“When
I was a child, I thought like a child…”
It came as quite a shock the
other day to discover that I wasn’t ‘fair of face’!
I don’t mean in reality. A quick check in the mirror would have
disabused me of that notion long ago.
No, I was always convinced that I had been born on a Monday; hence
‘Monday’s child is fair of face’.
However, apropos nothing in particular, I was trawling back through an
electronic diary when I had nothing better to do and discovered, to my delight,
that you can view the calendar right back to the beginning of the last
century. Being of an egotistical bent, I
naturally trotted back to the year of my birth, 1954, and there I found that
August 30th fell on a Tuesday.
I would have bet good money on it being a Monday, although it always
seemed to me that the evidence of my own eyes tended to wreck the predictive
validity of the rhyme. I suppose my
confusion arose because I remember being told that my Mum was ‘doing the
washing’ (bearing in mind that this was still an all-day chore for a Monday)
when nature decreed that I would make my presence felt. I imagine, in my childhood naivety, I assumed
that the onset of labour would be almost instantly followed (after a few brief
moments of discomfort, I wasn’t that naïve) by the arrival of me. Until now, when I realised that my arrival
was obviously a lengthy affair culminating some time the following day. And that’s another problem, I have no idea
when I was born! Not for me the
definitive astrological chart, pinning down the exact position of the planets
in the celestial firmament at the time of my deliverance in downtown Burton upon Trent .
As both of my parents have long since passed on to that other country
where zodiacal predictions are of considerably less importance, I don’t suppose
now I will ever know this crucial piece of information.
The point of all this rambling is
really to do with childhood misconceptions and how they can follow you through
life. Is it really true, for example,
that as a child in the late 1950’s living in Anglesey Road, I was held up to
look through our front room window to observe the Queen passing by? I don’t mean by this that the Head of the
House of Windsor was ambling along to the Cooper’s Arms for a pint and a packet
of Park Drive . I just have this vague recollection of a
black limousine sweeping past our house and I can’t imagine why I was being
held up for this event unless it was some important personage whose itinerary
could be predicted – hence my belief that it was the Queen. Of course, I could have dreamed the whole
thing up.
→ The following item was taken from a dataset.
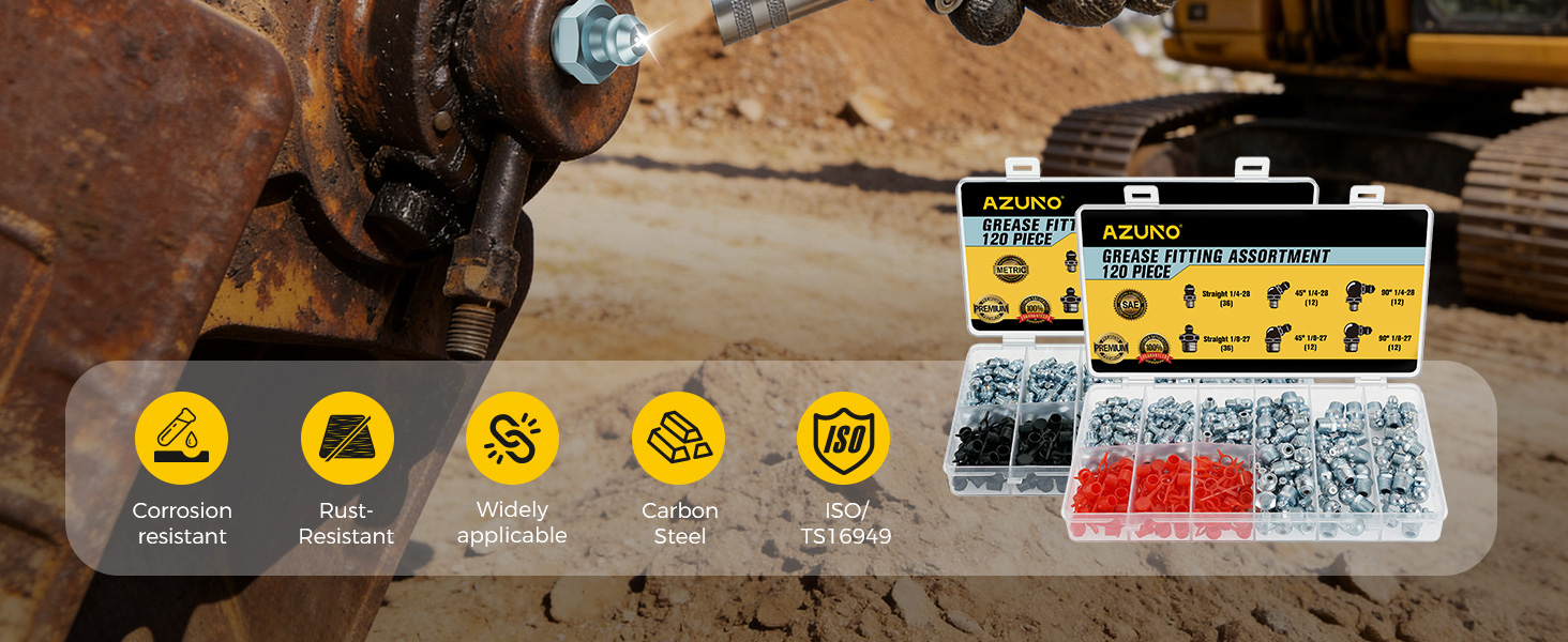 البناء ليدوم طويلاً: تركيبات الشحوم Zerk مصنوعة من الفولاذ المطلي بالزنك عالي القوة لمزيد من القوة ومقاومة الصدأ. يلبي ويتجاوز شهادة ISO/TS16949 ومعيار الصناعة الذي تم اختباره لمقاومة التآكل لمدة 48 ساعة.

Childhood imagination is
pretty fertile soil for the propagation of fantasies.
I remember watching a cartoon or some
such when I was small that somehow instilled the notion in my mind that there
was some awful nameless beast living in the toilet that was biding its time,
waiting to capture unsuspecting children.
Somehow this notion then became contorted into the conviction that, in
order to avoid the clutches of this horrific (and probably foul-smelling)
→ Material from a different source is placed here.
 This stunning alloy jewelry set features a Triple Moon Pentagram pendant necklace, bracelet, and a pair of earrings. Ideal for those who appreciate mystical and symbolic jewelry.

nemesis, I had to get downstairs before the toilet had finished
flushing. Our bathroom in Anglesey Road (yes,
we had a bathroom! Posh, weren’t
we?) had been created by converting the
back bedroom of what was, originally, a three-bedroom terraced house, and the
toilet was at the far end of this room, by the window. This meant, for the aspiring junior flush
racer, a frantic pull of the handle, followed by a sprint across the linoleum,
up two steps to the landing and then along the landing and down the stairs to
the relative sanctuary of our living room.
This may not sound particularly daunting or challenging but you need to
know that I was pathologically scared of heights (also widths, depths and just
about any dimension you can imagine) and was desperately trying not to make my
way downstairs by sliding from step to step on my bottom. Timidity on the staircase does not fit well
with panic-stricken flight and it’s a wonder that my childhood did not come to
an abrupt end with me in a crumpled heap behind the stair’s door.
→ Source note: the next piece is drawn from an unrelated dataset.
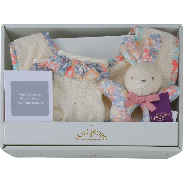 人気のリバティプリントを使用したスタイとラトルのギフトセットです。 専用ボックスに入った人気のモデルです。 サイズ ●現品(スタイ)約22×19cm、(ラトル)約19×12×4cm、(ソックス)約7?9cm 材質 ●スタイ:綿100%、ラトル:綿100%(中綿ポリエステル)、ソックス:綿81%・ポリエステル17%・ポリウレタン2% 内容 ●スタイ、ラトル、ソックス×各1●対象年齢:(スタイ)3ヶ月?、(ラトル)3ヶ月?●家庭洗濯可(手洗い) 【化粧箱入】 ※実店舗と在庫を共有しているため、ご注文頂きましても商品をご用意できない場合がございます。 発送までに10日程度お時間を頂く場合がございます。
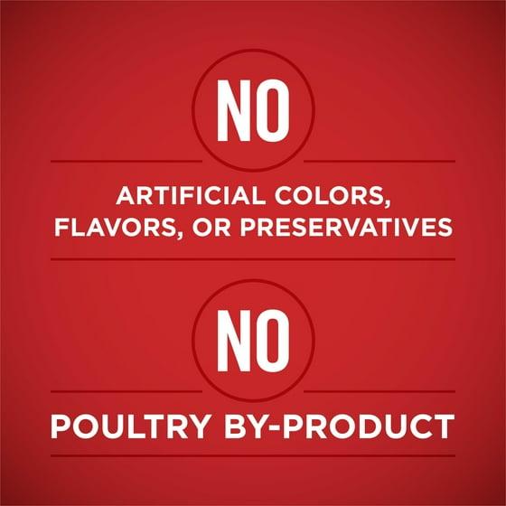 - Purina ONE adult soft dog food is formulated with adult dogs in mind and contains no poultry by-products and no artificial colors, flavors or preservatives

Its funny how, as a child, you never
share these nameless dreads with your parents.
Somehow you and this mystical fear are in cahoots against the adult
world. I suppose it boils down to an
even stronger fear of being ridiculed (even though every fibre of your infant
being tells you that the thing you fear is most definitely real). For example, I was never afraid of the
dark. I simply avoided it. Lying in bed with the covers clamped over my
head, eyes tightly shut and thumb firmly fixed in mouth, I knew that the dark
could not hurt me. Imminent suffocation
under all of those blankets, sheets and eiderdowns was far preferable to
whatever lurked on the other side of my eyelids. Now, I would never have dreamt of telling my
parents about this. I just assumed it
was a fact of life, like those ancient maps marked with ‘Here be Dragons’, the
map of my childhood world bore the legend, ‘Here be Nameless Dreads…and
here…and here’.
Perhaps I had a particularly
repressed childhood? Could it be that my
1950’s compatriots were eagerly recounting their fears and fantasies to their
understanding and sympathetic parents in an open, non-condemnational
forum? Somehow, I doubt it. The post-war parents of the baby boom
generation had, themselves, been brought up in a ‘children should be seen and
not heard’ environment and whilst they might have progressed to a point where
the sight and sound of children could be tolerated, full and frank discussions
would have to wait for the onset of more liberated attitudes in the 1960’s.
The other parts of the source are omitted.